* WHAT IS EXPECTED *
Within the lines below, the span from the line with "Гвоздики, Пионовидные розы, Розы" to the line with "Váha na kávu", both ends included, is to be reproduced exactly, with pictures omitted.

* RECORDED INFORMATION *
+++

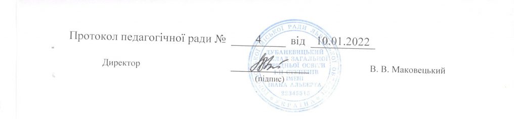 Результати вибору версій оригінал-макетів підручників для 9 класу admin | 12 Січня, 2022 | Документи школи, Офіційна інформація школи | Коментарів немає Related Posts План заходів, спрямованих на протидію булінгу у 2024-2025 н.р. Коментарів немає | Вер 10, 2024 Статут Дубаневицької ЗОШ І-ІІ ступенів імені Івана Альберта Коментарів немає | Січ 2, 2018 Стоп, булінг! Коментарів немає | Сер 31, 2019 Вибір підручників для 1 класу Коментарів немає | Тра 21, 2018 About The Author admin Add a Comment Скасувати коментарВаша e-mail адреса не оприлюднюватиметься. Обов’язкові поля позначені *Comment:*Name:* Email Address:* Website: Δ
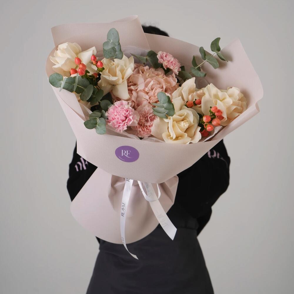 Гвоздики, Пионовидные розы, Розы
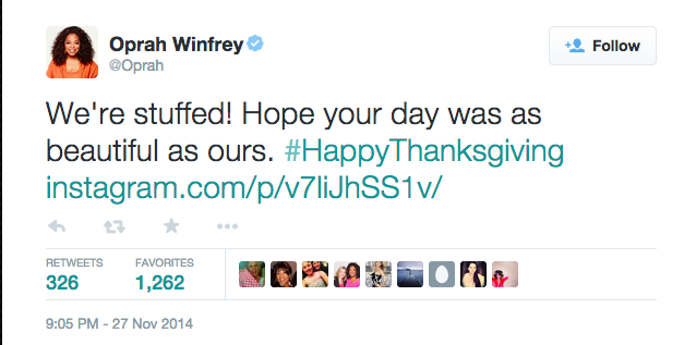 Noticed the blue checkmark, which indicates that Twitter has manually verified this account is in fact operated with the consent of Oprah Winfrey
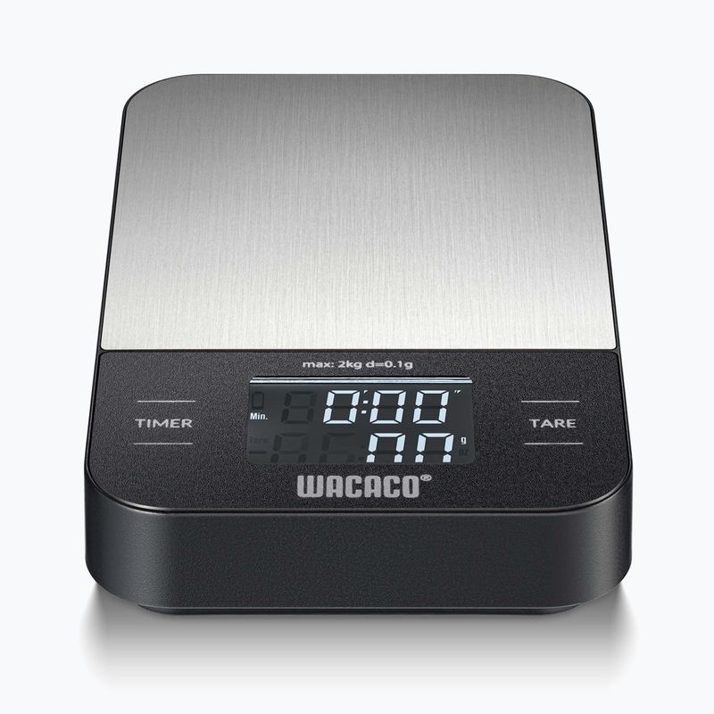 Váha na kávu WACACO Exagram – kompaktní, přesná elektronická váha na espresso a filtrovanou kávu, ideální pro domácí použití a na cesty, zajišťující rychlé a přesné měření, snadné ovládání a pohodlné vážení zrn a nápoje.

+++

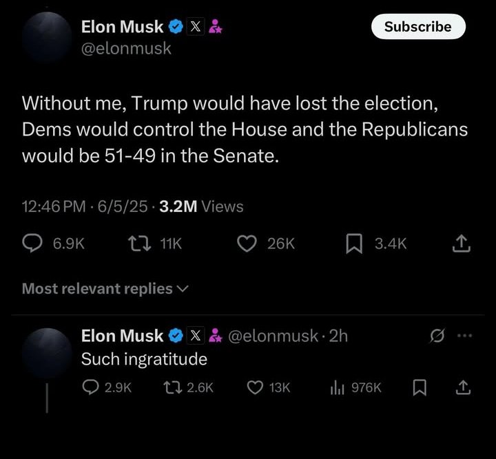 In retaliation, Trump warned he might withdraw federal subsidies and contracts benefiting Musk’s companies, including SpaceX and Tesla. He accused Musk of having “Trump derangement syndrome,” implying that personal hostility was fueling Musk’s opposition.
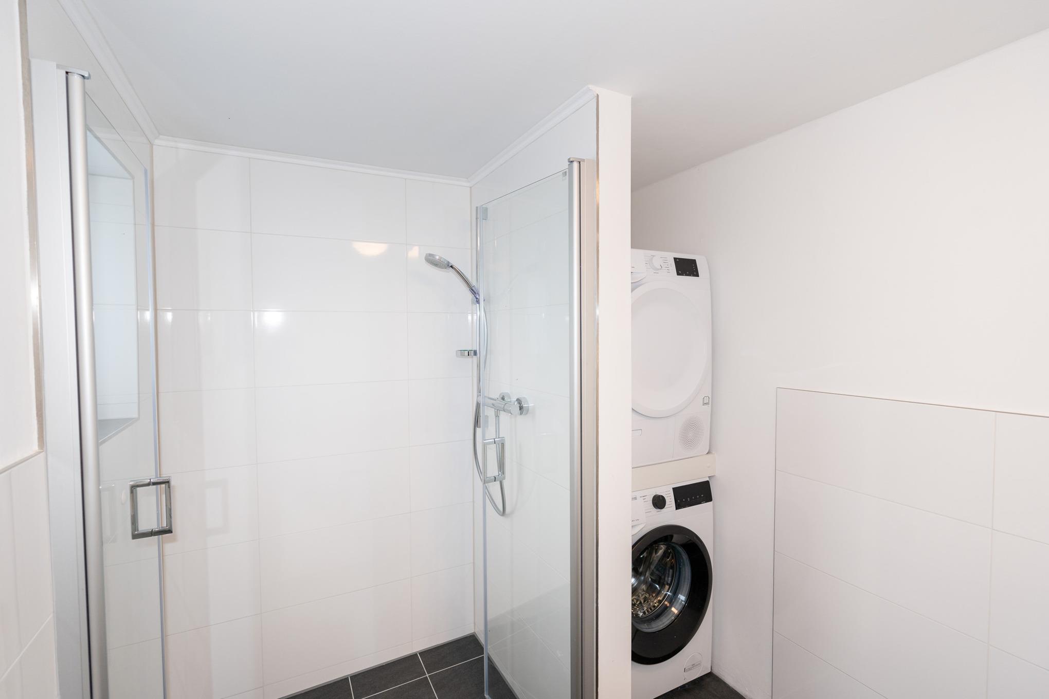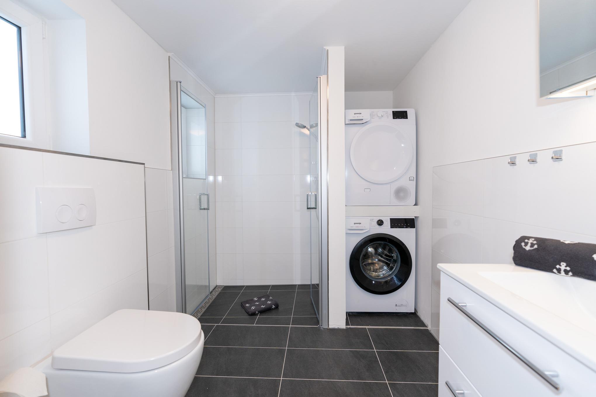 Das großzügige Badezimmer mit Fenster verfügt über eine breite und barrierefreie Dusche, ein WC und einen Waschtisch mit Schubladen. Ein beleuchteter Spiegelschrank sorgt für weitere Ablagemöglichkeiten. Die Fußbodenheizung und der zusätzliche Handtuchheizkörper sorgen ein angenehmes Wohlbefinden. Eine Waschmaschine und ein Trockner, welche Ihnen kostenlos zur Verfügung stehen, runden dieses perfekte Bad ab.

+++

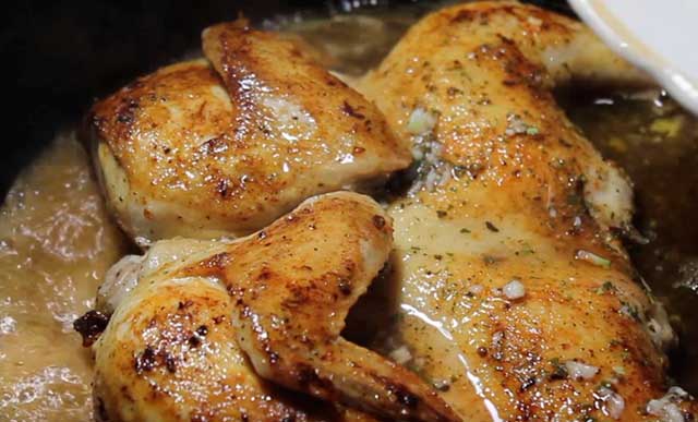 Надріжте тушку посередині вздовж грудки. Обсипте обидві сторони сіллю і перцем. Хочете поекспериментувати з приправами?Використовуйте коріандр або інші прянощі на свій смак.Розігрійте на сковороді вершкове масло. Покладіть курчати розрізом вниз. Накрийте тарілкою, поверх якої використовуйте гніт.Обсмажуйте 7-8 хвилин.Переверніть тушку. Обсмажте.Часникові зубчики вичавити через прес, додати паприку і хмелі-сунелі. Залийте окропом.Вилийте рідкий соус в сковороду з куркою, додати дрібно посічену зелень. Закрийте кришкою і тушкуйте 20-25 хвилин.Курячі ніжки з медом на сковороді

+++

* SOLUTION *
 Гвоздики, Пионовидные розы, Розы
 Noticed the blue checkmark, which indicates that Twitter has manually verified this account is in fact operated with the consent of Oprah Winfrey
 Váha na kávu WACACO Exagram – kompaktní, přesná elektronická váha na espresso a filtrovanou kávu, ideální pro domácí použití a na cesty, zajišťující rychlé a přesné měření, snadné ovládání a pohodlné vážení zrn a nápoje.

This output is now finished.